# Divide and Conquer Recurrences with examples

Divide and Conquer recurrences are mathematical equations. It describes the time complexity of divide-and-conquer algorithms. Divide and conquer is a problem-solving technique to solve a big problem by breaking down it into smaller subproblems. And this smaller subproblem is then solved independently to find the solution for the original problem. After solving these subproblems, we combine them to find the solution to the original problem.

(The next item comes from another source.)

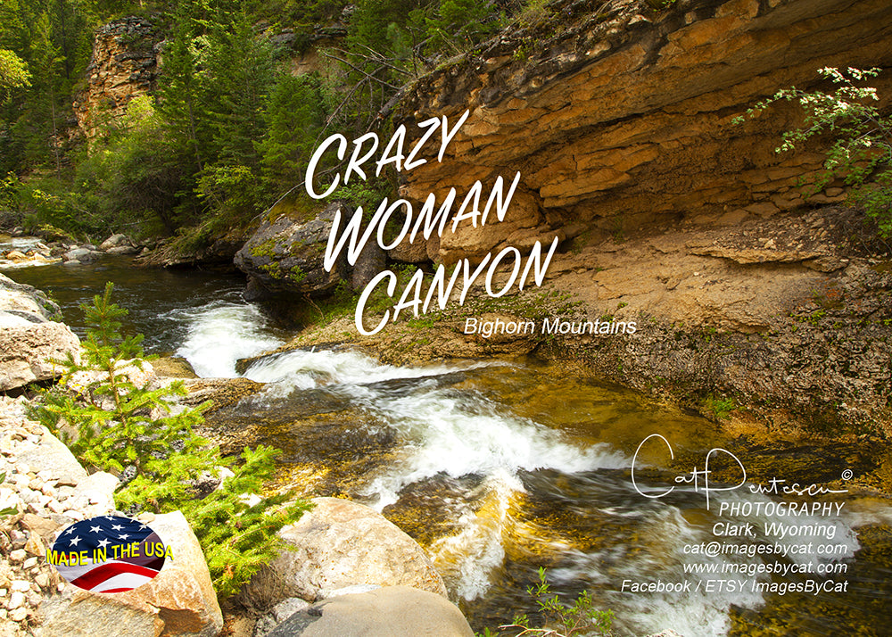 Beautiful views, towering rock walls and rushing water is what Crazy Woman Canyon is all about. Hiking, fishing and more in the Bighorn Mountains. This 5"x7" full color greeting card is blank inside, ready for you to add your personal message.

In other words, we can also explain that the algorithm is called divide and conquer because it divides the problem into smaller subproblems and later combines the solution of each subproblem to reach the solution of the main/original problem. This process of reaching the solution to the main problem is done using recursion. The problem function calls itself recursively until the base condition is reached. The running time of such algorithms is described using recurrence equations.

Time complexity analysis of divide and conquer algorithms requires recurrence relations. This recurrence relations equation expresses the running time of an algorithm in terms of the running time on smaller input sizes n.

### Divide and Conquer recurrence relation

T(n) = a * T(n/b) + f(n)

Where:

• T(n) – Time complexity of the algorithm on an input of size n.
• a – Number of subproblems.
• n/b – Size of each subproblem.
• f(n) – Time complexity of any additional work done outside the recursive calls.

## Example to understand the concept of divide and conquer recurrences

### Fibonacci Series Numbers

The Fibonacci series generates a sequence of numbers where each number is obtained by the sum of its two preceding numbers. However, we can compute Fibonacci numbers using a divide-and-conquer approach.

Recurrence relation for computing the nth Fibonacci number:

T(n) = T(n-1) + T(n-2) + O(1)

In the above example

• T(n) – The time complexity of computing the nth Fibonacci number.
• (n-1)th and (n-2)th – The algorithm recursively computes the (n-1)th and (n-2)th Fibonacci numbers and then adds them together.
• (O(1)) – The additional work done outside the recursive calls is the constant time operation of addition (O(1)).

This recurrence relation describes the time complexity of computing Fibonacci numbers.